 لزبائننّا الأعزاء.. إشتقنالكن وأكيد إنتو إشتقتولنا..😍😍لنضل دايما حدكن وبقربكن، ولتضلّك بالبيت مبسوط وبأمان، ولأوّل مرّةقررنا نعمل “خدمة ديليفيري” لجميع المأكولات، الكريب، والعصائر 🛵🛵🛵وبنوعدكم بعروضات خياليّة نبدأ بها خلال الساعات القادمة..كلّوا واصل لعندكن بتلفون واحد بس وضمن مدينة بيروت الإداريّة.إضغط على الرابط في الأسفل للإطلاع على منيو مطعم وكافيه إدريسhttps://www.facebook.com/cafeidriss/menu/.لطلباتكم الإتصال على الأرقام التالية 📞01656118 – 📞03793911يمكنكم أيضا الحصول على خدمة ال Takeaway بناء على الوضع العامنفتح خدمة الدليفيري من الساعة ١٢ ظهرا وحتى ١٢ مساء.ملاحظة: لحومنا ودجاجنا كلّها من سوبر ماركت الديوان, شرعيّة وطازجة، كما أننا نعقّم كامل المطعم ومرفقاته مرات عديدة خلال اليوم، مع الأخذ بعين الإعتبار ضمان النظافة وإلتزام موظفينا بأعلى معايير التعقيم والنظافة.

● ● ● ● ●

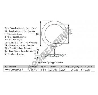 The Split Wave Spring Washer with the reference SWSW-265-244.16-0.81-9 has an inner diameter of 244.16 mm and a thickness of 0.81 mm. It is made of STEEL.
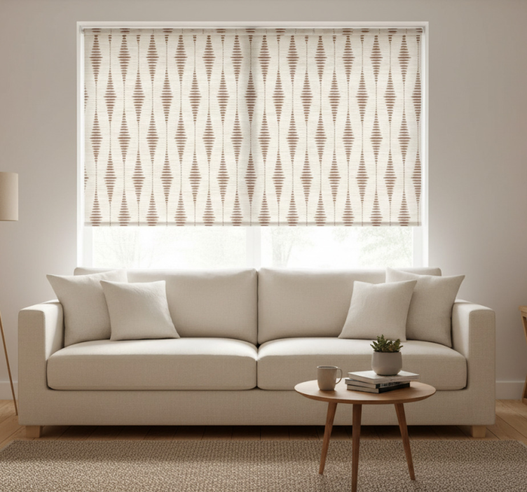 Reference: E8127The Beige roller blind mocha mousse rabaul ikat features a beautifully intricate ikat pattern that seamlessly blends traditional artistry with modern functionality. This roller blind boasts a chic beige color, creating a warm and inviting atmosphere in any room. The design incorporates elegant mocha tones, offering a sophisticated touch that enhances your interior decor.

● ● ● ● ●

▶ [Exercise goal]:
Since the pictures are not part of the copy, please transcribe only the lines above from the one with "The Split Wave" through the one with "Reference: E8127The Beige", exactly and with both ends.

▶ [Task response]:
 The Split Wave Spring Washer with the reference SWSW-265-244.16-0.81-9 has an inner diameter of 244.16 mm and a thickness of 0.81 mm. It is made of STEEL.
 Reference: E8127The Beige roller blind mocha mousse rabaul ikat features a beautifully intricate ikat pattern that seamlessly blends traditional artistry with modern functionality. This roller blind boasts a chic beige color, creating a warm and inviting atmosphere in any room. The design incorporates elegant mocha tones, offering a sophisticated touch that enhances your interior decor.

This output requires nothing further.